Reading Online Novel

Mystic Cowboy(93)



Make it up to her? Without a ring? She shook her head. She didn’t want his ring. Rings were just things. She didn’t want things. She wanted him. “And?” she said, trying to bitch her way through this, because this wasn’t what she’d expected. He wasn’t groveling, and he wasn’t begging, and he wasn’t telling her that she was making the biggest mistake of her life. He was being his regular old self.

Not dreaming, she realized. If she were dreaming, they’d be naked in a river.

His smile was cautious. “You don’t wear jewelry. So I had to get something better.” And he handed her the paper.

This made no sense, none whatsoever. She was looking at a flyer that had a trailer—scratch that, a modular home, the flyer said—on it, with a happy family sitting on a porch. At the top, a small square of paper was stapled to the flyer. “What is this?” Even as the words left her mouth, she realized what the small square was. It was a receipt. For nine thousand dollars.

“A house.”

“You bought a house?” All she could do was stare at him.

And he was grinning away at her. “I bought you a house. With a porch.”

“You bought me a house?”

“Actually, I bought us a home.”

Us. Home. That was all she heard. Us. Home.

“I’ve been thinking about it,” he went on, again ignoring her carp-mouthed silence. “I’ve been thinking that a man could get used to indoor plumbing and coffee that makes itself. A man could get used to soft mattresses and warm blankets.”

He was going to stay. It wasn’t even January, and he was going to stay. That lurching thing was going to knock her to her knees.

“And I’ve been thinking. A porch—that’s like being outside, only with one wall. Hell, give a man a comfortable chair and a porch is even better.”

“A home?” Excellent.
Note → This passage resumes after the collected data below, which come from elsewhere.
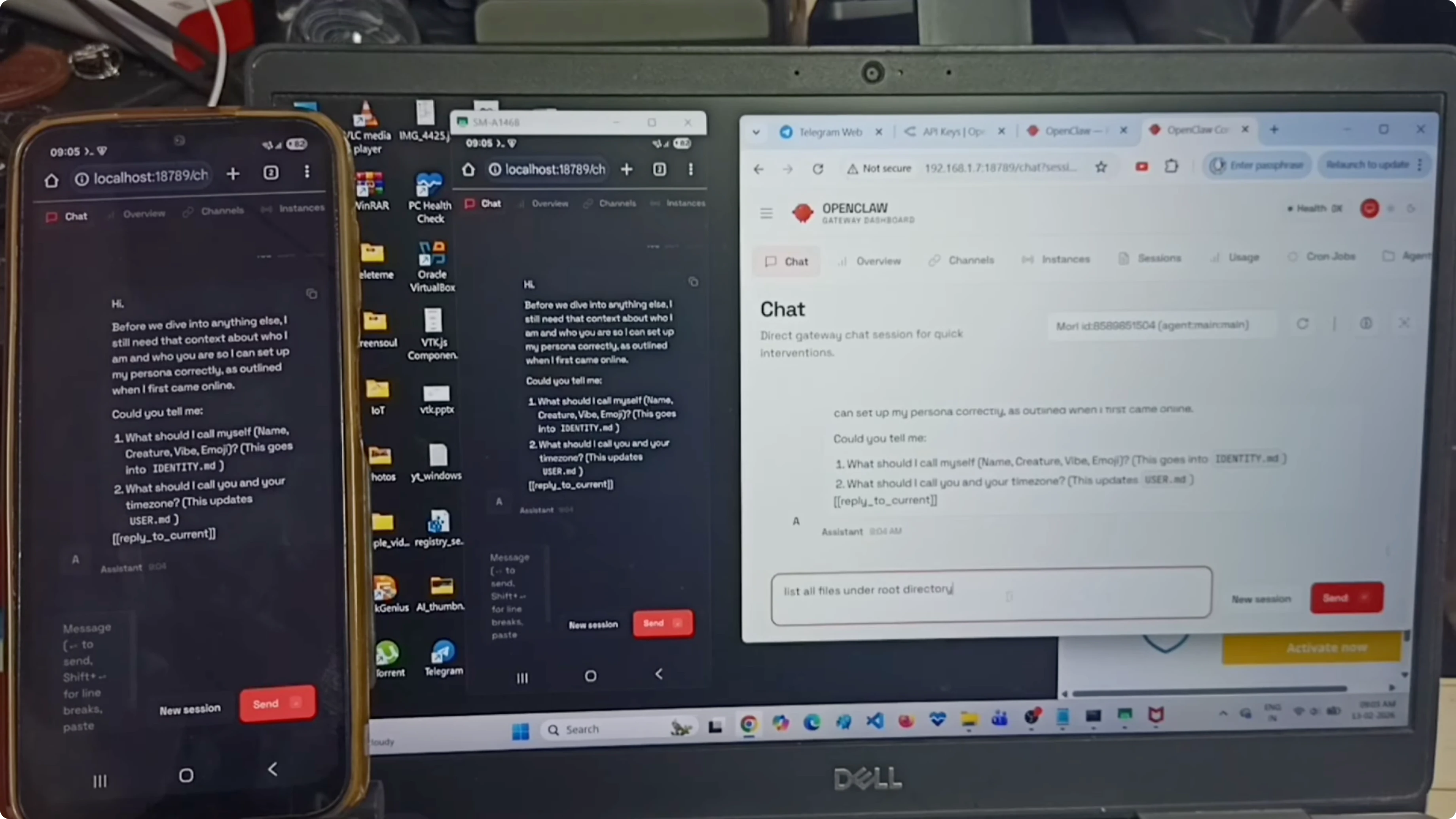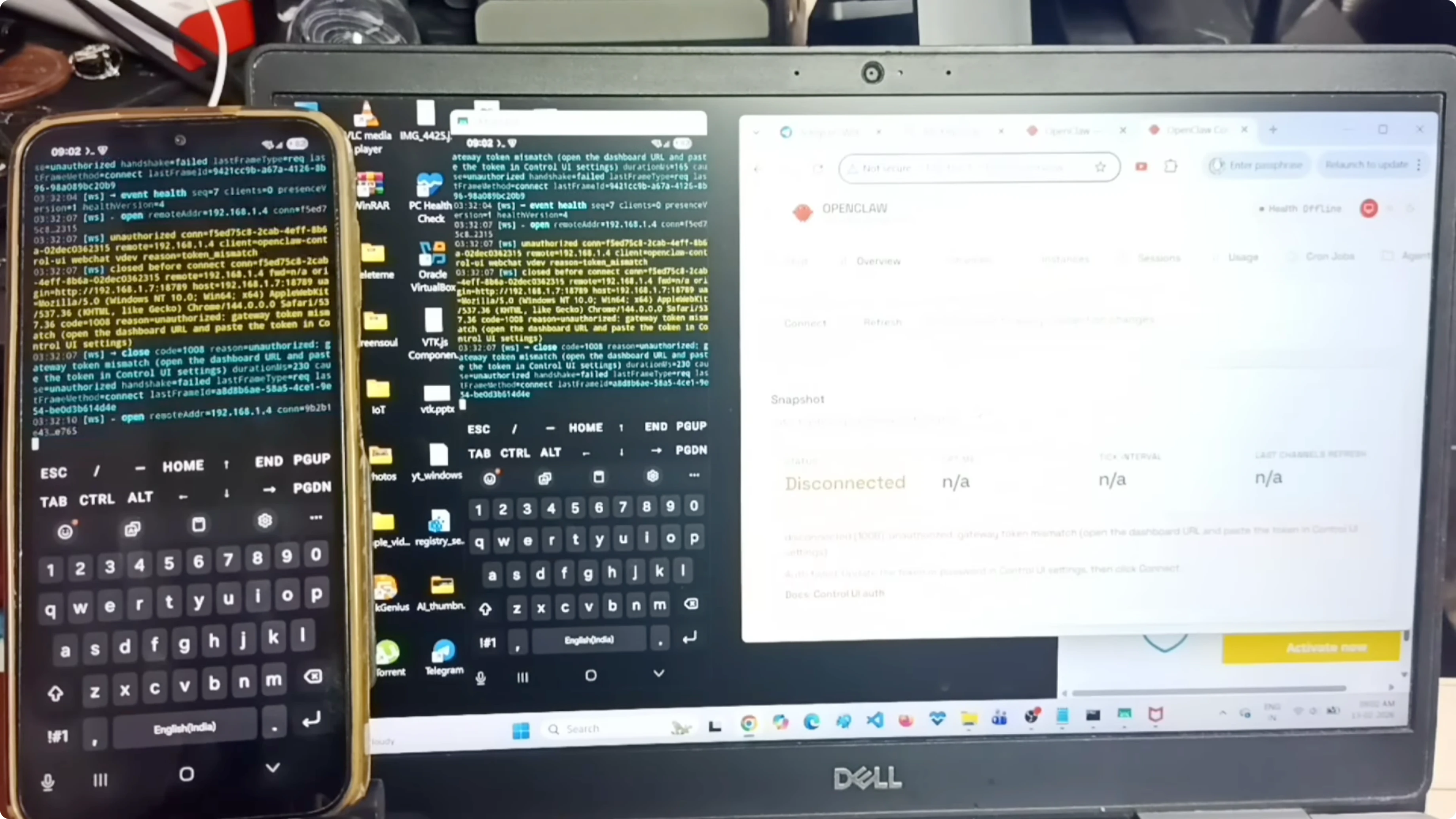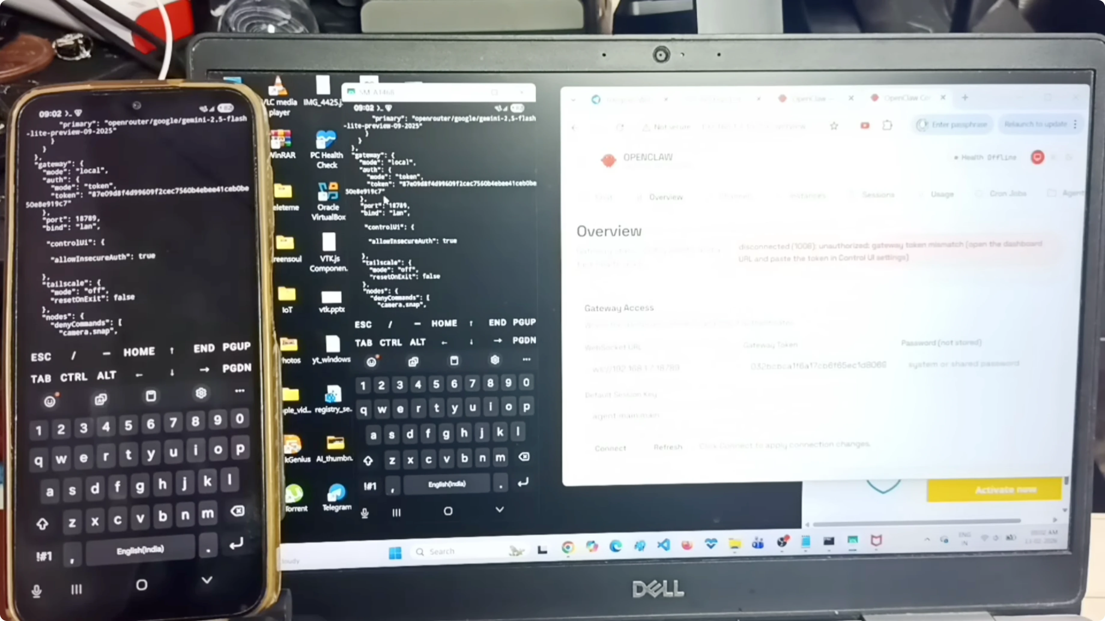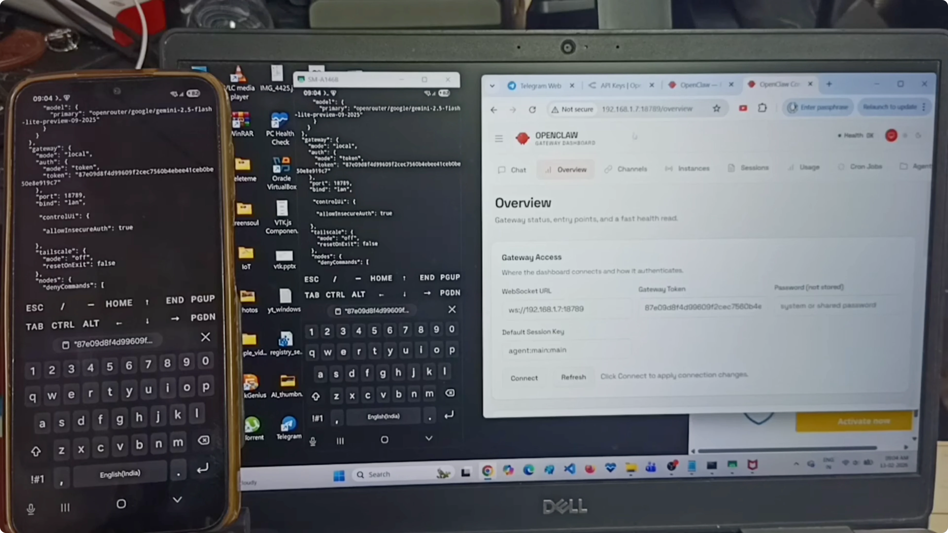 Now it is connected, and I can access the OpenClaw gateway dashboard from the Windows laptop. The gateway dashboard is running on the Android phone but accessible on the laptop.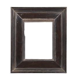 in legno ebanizzato, battuta si porta su fascia centrale che scende a muro con più ordini di gole; ingombro cm 24,5x21,2, luce cm 13,8x10,3
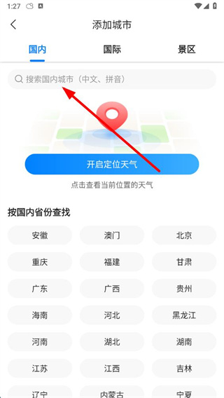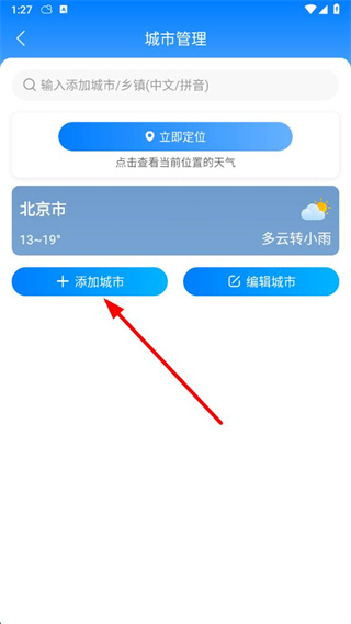 3、在添加城市頁面的搜索欄中,輸入要添加的城市名稱。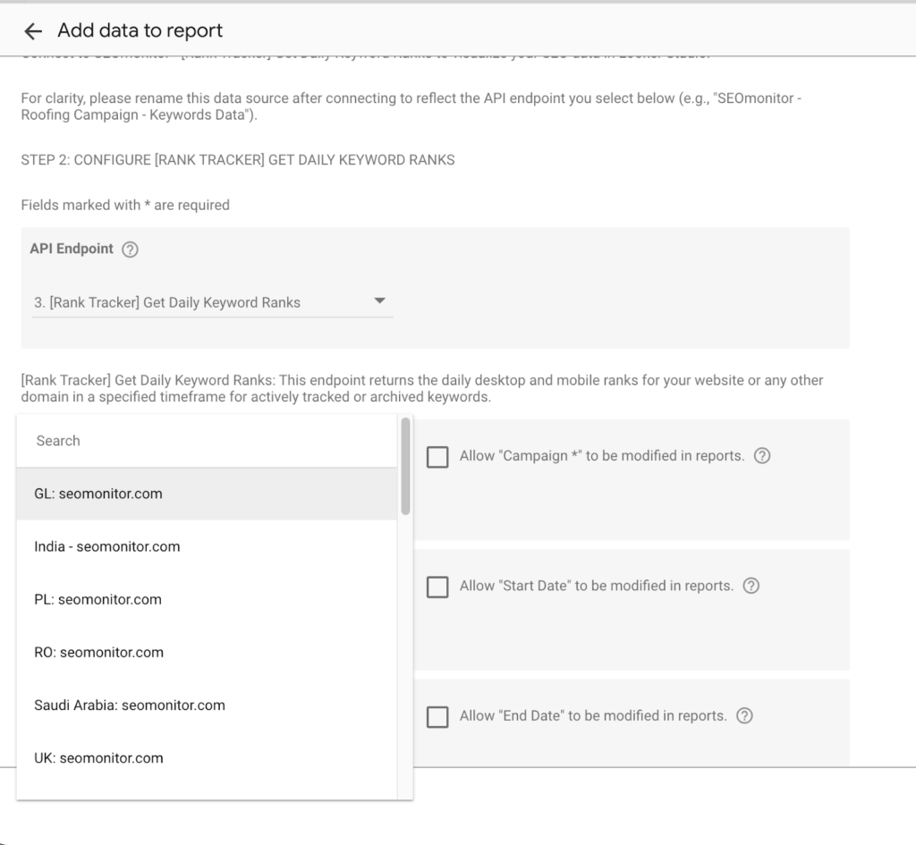 [Image Placeholder: A screenshot of the new Looker Studio configuration screen, Step 1. Highlight the “API Endpoint” dropdown menu, showing it expanded with various options categorized by module like [Dashboard], [Rank Tracker], and [Forecast].]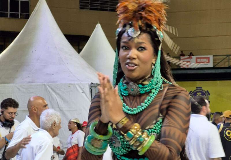 A comunidade descreve uma rainha que conhece o samba, que se mistura ao fluxo do ensaio, que frequenta a quadra e a rua como quem sabe que o Carnaval é feito de repetição, suor e insistência. A presença, ali, não é entendida como corpo em cena apenas. É presença de tempo, de dedicação, de energia que apoia e devolve coragem para quem está desfilando antes mesmo do desfile existir. Quando uma rainha está junto, a escola sente. Quando ela é percebida como “pela gente”, a comunidade canta com outra fibra.
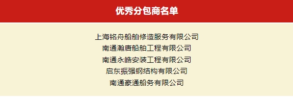 5月8日晚,振華啟東海工成立10周年職工歌詠比賽暨2024年“六比六創(chuàng)·三型一流杯”奪標(biāo)勞動競賽啟動儀式在公司行政樓廣場隆重舉行。活動中,公司對2023年度“優(yōu)秀分包商”“優(yōu)秀項目部”“優(yōu)秀團(tuán)隊”“優(yōu)秀干部”“優(yōu)秀員工”進(jìn)行表彰。 南通豪通船務(wù)有限公司榮獲2023年度“優(yōu)秀分包商”稱號。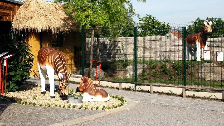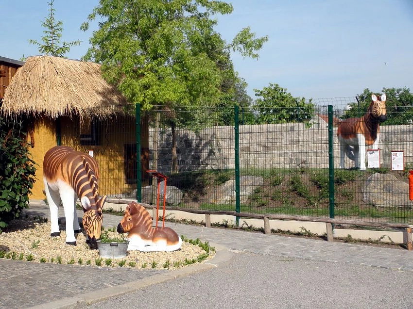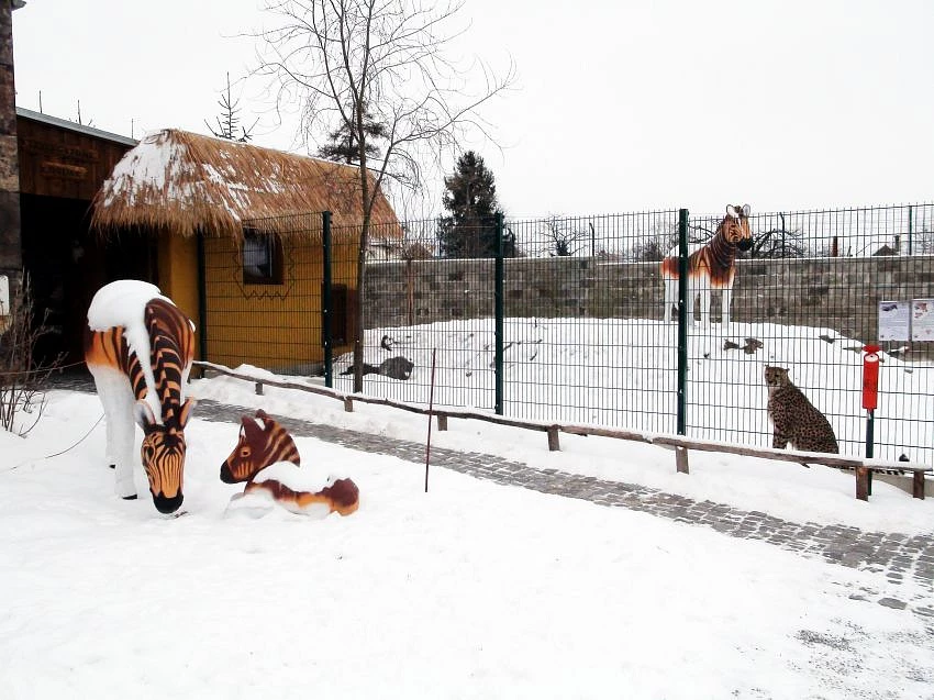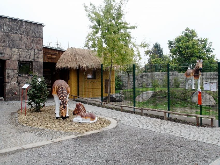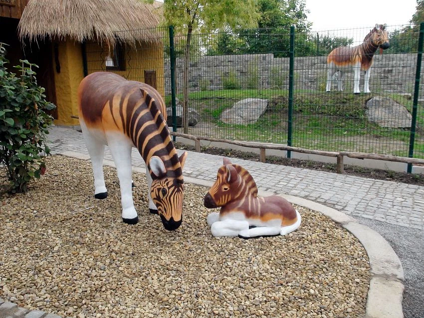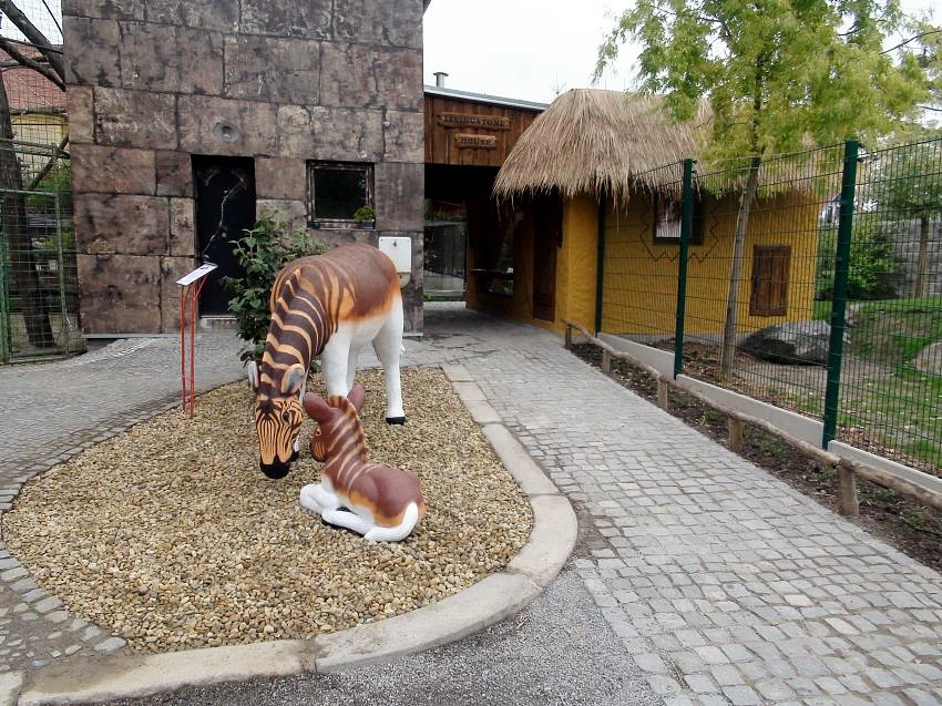 Celá gepardí expozice má samozřejmě i vnější část - výběh. Ten je zkrášlen malým domečkem v africkém stylu a železobetonovou sochou hřebce vyhubené zebry kvaga, která je v životní velikosti (2,3 m od hlavy k ocasu a 1,5 m v kohoutku). V prostoru před výběhem se "pase" i kobyla s několikadenním hříbětem. Paralela mezi Livingstonem a zebrami kvaga je velmi symbolická - Dr. Livingstone začínal svou pouť v dnešní Jihoafrické republice, čili právě tam, kde kdysi kvagy žily (v Kapsku a částečně Oraňsku). Zebry kvaga byly v přírodě vyhubeny 5 let po Livingstonově smrti (v zoo o 5 let později - 1883), je tedy pravděpodobné, že se s nimi mohl slavný cestovatel potkat nejen na obrázcích nebo písemných zprávách, ale i fyzicky.

She was squeaking.

“We could still go camping when it’s nice.” He closed the distance between them with one step and pried her hands loose from the flyer. She hadn’t even realized she’d been crushing it against her chest. “Besides, I think your pipes are going to freeze this winter.”

“Home?” Oh, this just got better. She was down to one word.

He set the flyer down on the recliner, and then his hands were around her waist. “I made a down payment, but they said we could come back and pick out a different model, if you wanted. It doesn’t matter to me, just as long as it’s got a porch.” He touched his forehead to hers and tilted her head back. “Just as long as it’s got you.”

He was going to kiss her. He’d worked alongside her to fight the campy, he’d brought her home and cleaned her up, he’d apologized, he’d made a down payment on a modular house and now he was going to kiss her.

She put her hands on his chest and shoved him back, just enough that his lips didn’t touch hers. Because she knew that as soon as he kissed her the deal would be sealed. He let her push him back, but his hands stayed firmly anchored around her waist.

“You’re going to give up camping?”

His grin got wolfish. “You’re doing it again.”

She would not let him sidetrack her with all that talk of wants and needs—even if he was right. “I don’t care. You’re going to give up camping?”

He nodded, waiting patiently.

Her wheels began to spin. Apologies and homes were all very nice, but she was going to make sure they both read the fine print before they signed on the dotted line. “If you buy us a home, you have to get used to being certain places at certain times.”

He tilted his head. She couldn’t tell if he was amused or irritated. “Understood. You’ll have to get used to having a sweat lodge in the back yard.”

Like she even knew what a sweat lodge looked like. And who the hell had yards around here? “You’ll have to get used to Mellie coming out to visit,” she fired back.

The grin got more wolfish. If only he had a longer nose, she thought. “You’ll have to get used to people dropping by looking for a medicine man.”

She managed to keep the oh, yeah? to herself, but the rest of her thoughts devolved into a juvenile he-said, she-said kind of argument, which wasn’t exactly bitchy but still wasn’t giving in.

“You’ll have to get used to going to Columbus.” Rebel Runs Fast in the Mitchell Mansion—she’d bet cold, hard cash that Aunt Matilda would drive herself down from Cleveland to see that sight. The thought got her dangerously close to a smile.

He ran a thumb over that almost smile, and her bitch resolve wavered even more. “You’ll have to get used to going to New York in the winter.”